Por: Stanley Jenson, o Tipógrafo (pseudônimo de Annie Miller Slowli)
PREFÁCIO: Seguem-se os relatos de Stanley Jenson, um tipógrafo interessado em saber sobre tudo e todos no Festieval Medieval de Hogsmeade. A proposta do evento, organizado pelo Ministério da Magia, é de que todos os seus visitantes incorporem e se vistam de acordo com alguma classe relativa à Idade Média (bardos, mineradores, arqueiros, etc) que escolherem. Nos quase 30 dias de duração do festival, ocorrem diversas atrações, para todos os gostos. O vilarejo foi dividido em seis reinos, cada um sendo a morada de diferentes classes, pelos quais Stanley teve acesso livre de circulação por ser parte da imprensa; que, aliás, teve seu surgimento no Mundo Trouxa nesse período da História. O tipógrafo registra abaixo os lugares que visitou, as atrações variadas e os flagrantes presenciados por ele no festival, que ainda acontece em Hogsmeade nos próximos dias.

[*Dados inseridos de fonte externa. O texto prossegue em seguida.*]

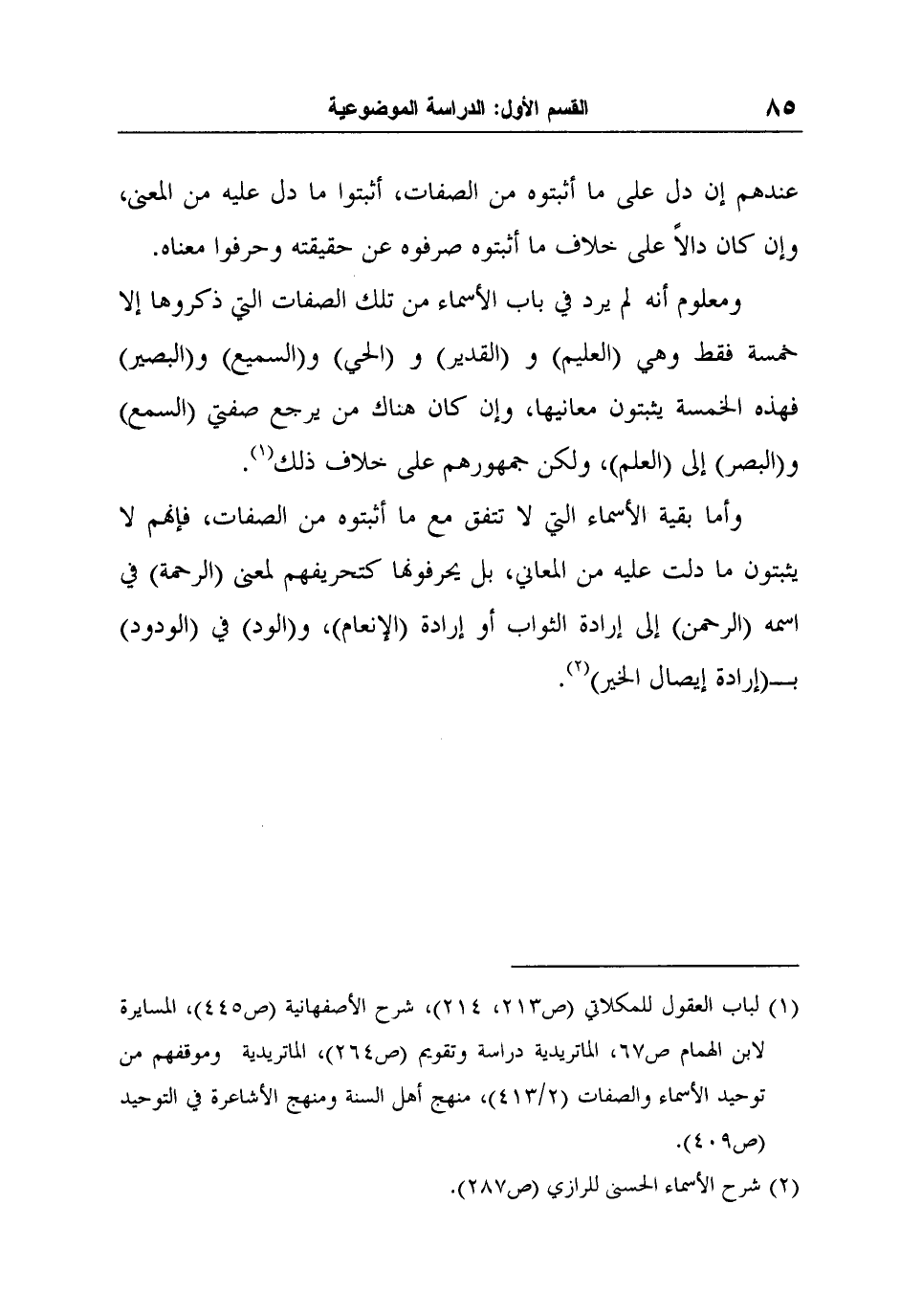 وأما بقية الأسماء التي لا تتفق مع ما أثبتوه من الصفات، فإنهم لا يثبتون ما دلت عليه من المعاني، بل يحرفونها كتحريفهم لمعنى (الرحمة) في اسمه (الرحمن) إلى إرادة الثواب أو إرادة (الإنعام) ، و (الود) في (الودود) بـ (إرادة إيصال الخير) 2.

→ 6hrs, dia 18/12 – TAVERNA TRÊS VASSOURAS, no Território Neutro: Não demorou para que o Nôitibus vindo de Londres estacionasse no início da Rua Principal de Hogsmeade, na fria e cinzenta manhã do primeiro dia do Festival Medieval. O vilarejo, transformado em um território neutro por onde todas as raças podem transitar, recebia seus primeiros visitantes. Stanley Jenson, assim como a maior parte dos demais passageiros do Nôitibus, dirigiram-se para a tenda que abrigava a Taverna Três Vassouras. Não foram os únicos, pois no local estava a maior parte das pessoas que chegaram para o Festival. O café da manhã tinha acabado de começar a ser servido, mas não pense que alguém ali se limitaria a comer cereais e ovos mexidos ou a beber chá verde. Bárbaros e caçadores devoravam porcos assados no espeto e pediam à garçonete anã seguidos copos de cerveja medieval. Stanley solicitou uma porção de lembas élficas e uma dose de sangria. Quando seu pedido chegou e a garçonete elfa já se virou para atender outro cliente, visto que o estabelecimento estava cheio, um mago sentado ao lado do tipógrafo sorrateiramente dirigiu-se para a porta de saída. Com um berro que calou o vozerio dentro do local, um barman pulou na frente do homem velhaco e ordenou que ele pagasse a comida que tinha “comprado”. Diante da segunda tentativa de escapar, o barman juntou suas mãos pesadas no pescoço do mago. Princesas e camponesas gritaram de susto. Imediatamente, dois justiceiros antes ocultos em meio à multidão separaram os desordeiros e conduziram o mago para fora dali, em direção ao calabouço. Foi apenas o primeiro de muitos episódios ocorridos no Festival Medieval.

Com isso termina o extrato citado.